Help Deriving Hydrostatic Equilibrium

In summary, the poster is seeking help with understanding hydrostatic equilibrium and the derivation of the equation of motion for a volume element. They are specifically confused about the last term in the equation, which comes from the linear approximation of a complex curve, and the significance of (dP/dr)*dr in relation to pressure and radial distance.
  • #1
jumi
28
0
Hey all,

I posted this in the Astrophysics sub-forum, but traffic here seems higher (if a mod sees this, can you close the other thread please?)

Long story short, for my Modern Physics course, we have to do a research paper on a physics topic we didn't cover in class. Since I've always been interested in astronomy and the cosmos, I figured I'd do star formation / life cycle of stars. The paper has to have mathematical and physical reasoning for everything we present.

Anyway, I found some cool books that have helped me out thus far, but I'm having trouble following an explanation for hydrostatic equilibrium.
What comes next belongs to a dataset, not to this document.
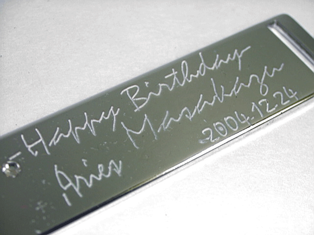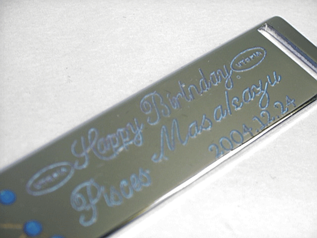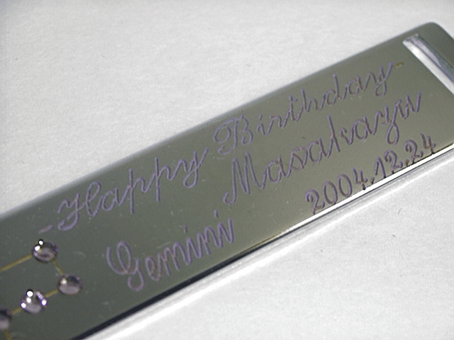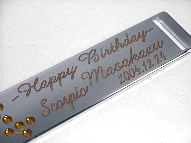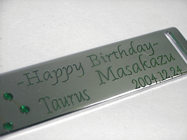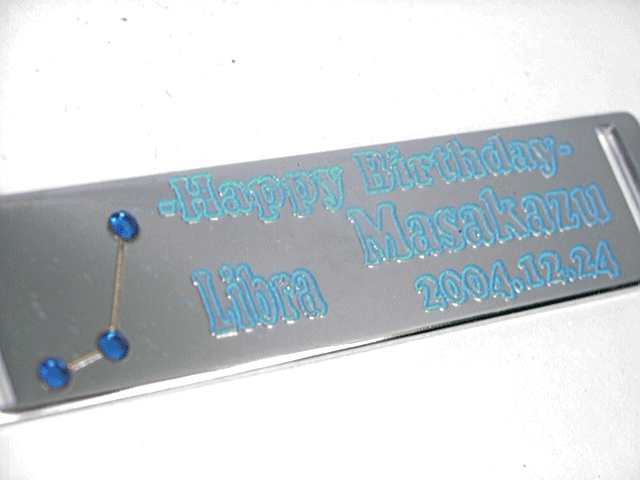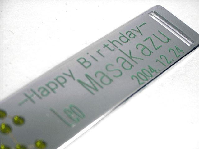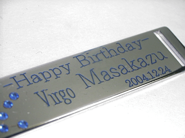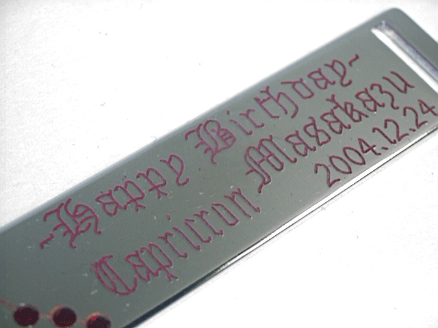 深くへこんだもじに特殊インクによりカラーリングします。 カラーは12色と豊富に取り揃え携帯電話の本体カラーを意識しました。 (あくまで類似色なのでまったく同色とはいきませんが) |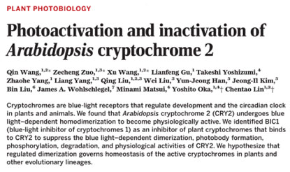 Qin Wang, Zecheng Zuo, Chentao Lin, et al., Photoactivation and inactivation of Arabidopsis cryptochrome 2. PLANT PHOTOBIOLOGY.(2016),VOL 354 ISSUE 6310.

The book in question "Evolution of Stars and Stellar Populations" by Maurizio Salaris and Santi Cassisi.

They start the derivation by "finding the equation of motion of a generic infinitesimal cylindrical volume element with axis along the radial direction, located between radii r and r+dr", with a base (perpendicular to the radial direction) of area dA and density ρ.

They then obtain the mass, dm, contained in the element: dm = ρdrdA.

"[They] neglect rotation and consider self-gravity and internal pressure as the only forces in action. The mass enclosed within the radius r acts as a gravitational mass located at the center of the star; this generates an inward gravitational acceleration: g(r) = G[itex]m_{r}[/itex] / [itex]r^{2}[/itex]."

"Due to spherical symmetry, the pressure forces acting on both sides perpendicular to the radial direction are balanced, and only the pressure acting along the radial direction has to be determined. The force acting on the top of the cylinder is P(r+dr)dA, whereas the force acting on the base of the element is P(r)dA. By writing: P(r+dr) = P(r) + [itex]\frac{dP}{dr}[/itex]dr and remembering that drdA = dm/ρ, the equation of motion for the volume element can be written as: [itex]\frac{d^{2}r}{dt^{2}}[/itex]dm = -g(r)dm - [itex]\frac{dP}{dr}\frac{dm}{ρ}[/itex]."

---

They go further to get the final equation, but I get lost at this last paragraph. I don't understand where the last term of this equation comes from: P(r+dr) = P(r) + [itex]\frac{dP}{dr}[/itex]dr. Why wouldn't it just be P(r+dr) = P(r)?

And then once they get that equation, how do they get to this equation: [itex]\frac{d^{2}r}{dt^{2}}[/itex]dm = -g(r)dm - [itex]\frac{dP}{dr}\frac{dm}{ρ}[/itex]? I know they skipped a bunch of steps... Maybe I'm just not thinking right.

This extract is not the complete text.